Without knowing the circuit and intent of the designer (such as open-loop gain, feedback design), it's tricky to know if there's a danger to this. Assuming it's push-pull, in general, more bias leads to both transistors being on longer, so small increases in bias can have bigger impact than you would expect. Similarly, there's more standing current in resistors and driver circuitry and the PSU will be handling more current than normal. So the heat doesn't just come from the output devices - it's distributed throughout the case.

If you don't mind risking it, the best approach would be to measure before and after and then increase the bias in small steps, whilst measuring and checking temperatures.

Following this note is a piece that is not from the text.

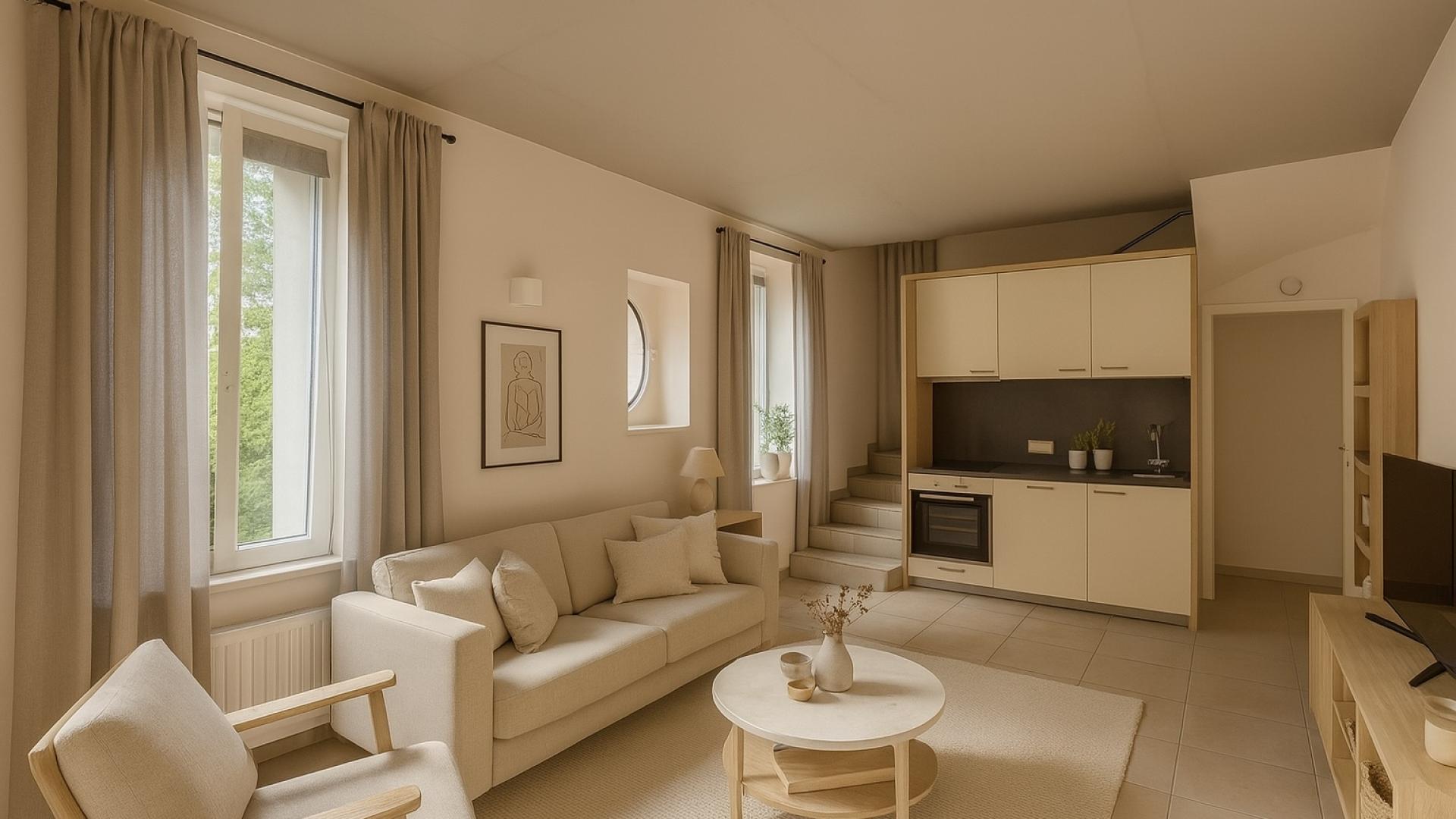 Ideally located in the lively Hollerich district, this bright duplex apartment offers ±48 sqm of living space, set at the rear of the building for maximum peace and privacy.

Cool, I thought it would probably just be about thermals, especially for an increase to only 1-2W.

I've got a decent IR thermometer which can measure components down the size of a 1/4W resistor, so it should be good! I'll keep an eye on those components to make sure nothing cooks at idle. I know the transistors will fine because I've tested the amp continuously where it draws the most power at the least efficiency, and temps stabilized in the 60s.

Whatever voltage I add to the bias is what is taken away from the new peak voltage output, right - because 0 is effectively moved to one side by that amount? (while the voltage is also added to the other side, the waveform needs to be able to be symmetrical)

 

[AnalogSteph]

You better be able to verify that your plan actually does performance any good - because that is not exactly a given. With higher than optimum bias, you may see an improvement in the Class A region but worsening beyond that. For an EF type output stage, you're generally looking at optimum bias for 13-26 mV across each emitter resistor. It is common to err on the low side because output transistor junctions heat up a lot faster than the bias spreader can react.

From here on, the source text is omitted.